Hobart-Detter Field
- Former names: Carey Park Diamond (1928-1961) Bud Detter Field (1962-1990)
- Address: 9 Emerson Loop East, Hutchinson, Kansas 67505, United States
- Location: Bounded by the Arkansas River (west side), Emmerson Loop (east side), within Carey Park
- Coordinates: 38°01′42″N 97°55′31″W﻿ / ﻿38.02833°N 97.92528°W
- Capacity: 600
- Field size: Left field: 330 ft (100 m) Left Center: 380 ft (120 m) Right field: 330 ft (100 m)

Construction
- Opened: 1928
- Renovated: 1932, 1949, 1980, 1991, 2015

Tenants
- Hutchinson Miners 1932 Hutchinson Wheatshockers 1932-1933 Hutchinson Larks 1934-1938 Hutchinson Pirates 1939-1942 Hutchinson Cubs 1946-1948 Hutchinson Elks 1949-1954 Hutchinson Broncos 1970-1984 Hutchinson Cardinals 1985-1989 Kansas State Wildcats 1999 Hutchinson Blue Dragons 1975-present Hutchinson High School Salt Hawks NBC World Series 1977-1984, 2003, 2021-present Hutchinson Monarchs 2019-present

= Hobart–Detter Field =

Baseball park in Hutchinson, Kansas

Hobart-Detter Field is an amateur baseball park in Hutchinson, Kansas, which hosted minor league teams in the Western Association from 1932 to 1959 and teams in the Jayhawk League from 1970 to 1989. The ballpark currently hosts part of the National Baseball Congress World Series, Hutchinson Community College Blue Dragons, Hutchinson High School Salt Hawks, American Legion, and other amateur baseball tournaments. The ballpark was built in 1928 as Carey Park Diamond and has been renovated many times over the years. The field was renamed Detter Field in 1962 in honor of Wilbur "Bud" Detter.

==History==
In 1932, the first summer of the new stadium, Carey Park Diamond hosted two unaffiliated minor league teams in the Western Association: the Hutchinson Miners, who moved from Muskogee, Oklahoma June 8 and disbanded July 18, and the Hutchinson Wheat Shockers, who moved from Independence, Kansas July 20. The Hutchinson Wheat Shockers played the 1933 season in the Western League, as an affiliate of the Detroit Tigers, and disbanded at the end of the season. Carey Park Diamond was home the home of the Hutchinson Larks from 1934 to 1938, who were affiliated with the St. Louis Cardinals in 1934 and the Pittsburgh Pirates starting in 1935. The team was renamed the Hutchinson Pirates in 1939, and played in Hutchinson through the 1942 season. The Chicago Cubs brought Western Association baseball back with the Hutchinson Cubs who played from 1946 to 1948. A storm damaged the park after the 1948 season, but the Elks Club helped sponsor the renamed Hutchinson Elks, affiliate of the Pirates, who would be the last minor league baseball team to play in Hutchinson, playing from 1949 to 1954.

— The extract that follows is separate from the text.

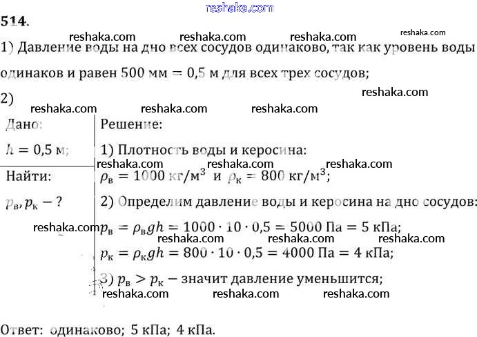 Решака - онлайн ответы Физика Лукашик, Иванова за 7-9 класс Сборник задач ФГОС 2011 - 514
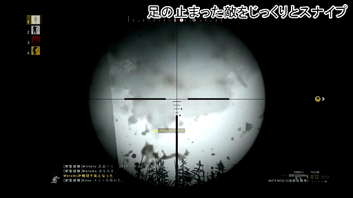 ちょっとした被弾が死に結びつき,敵はすぐに隠れたり伏せたりする。遮蔽物が少なく一気に距離を詰めるような戦い方も難しい。このような状況を理解すれば,自ずと遠距離での狙撃を中心とした戦い方になるし,狙撃するにしても,居場所を悟られないようにこまめに移動を繰り返すような地味な戦い方を強いられる。たとえ所有している武器がアサルトライフルであろうと,接近戦のリスクを無視できないこともあり,命中率やスコープの倍率を無視してでも,狙撃に偏った戦い方になる。

Nelson Hobart brought summer collegiate baseball to Bud Detter Field in 1970, in the form of the Hutchinson Broncos of the Jayhawk League. The Broncos played at then Detter Field from 1970 to 1984, when they moved to Wichita. In 1980, Hobart renovated the stadium with new light towers, 90 feet of new bleachers, a press box, and a new scoreboard. In 1990, Detter Field was renovated again and renamed Hobart-Detter Field. Bill Canfield brought summer collegiate baseball back to Detter Field with the Hutchinson Cardinals, who played in the Jayhawk League from 1985 to 1989.

In 1999, the Kansas State Wildcats played a series against the Texas Pan-American Broncs and their series against the Wichita State Shockers at Hobart-Detter Field, as renovations of their on-campus stadium were still being made when the Wildcat's season started, bring NCAA Division 1 baseball to Hutchinson for the first time.

Since 2020, Hobart-Detter Field, along with Wichita State's Eck Stadium, have hosted the National Baseball Congress World Series. Hobart-Detter Field had previously served as a secondary site for the NBC World Series over the years, including 2003.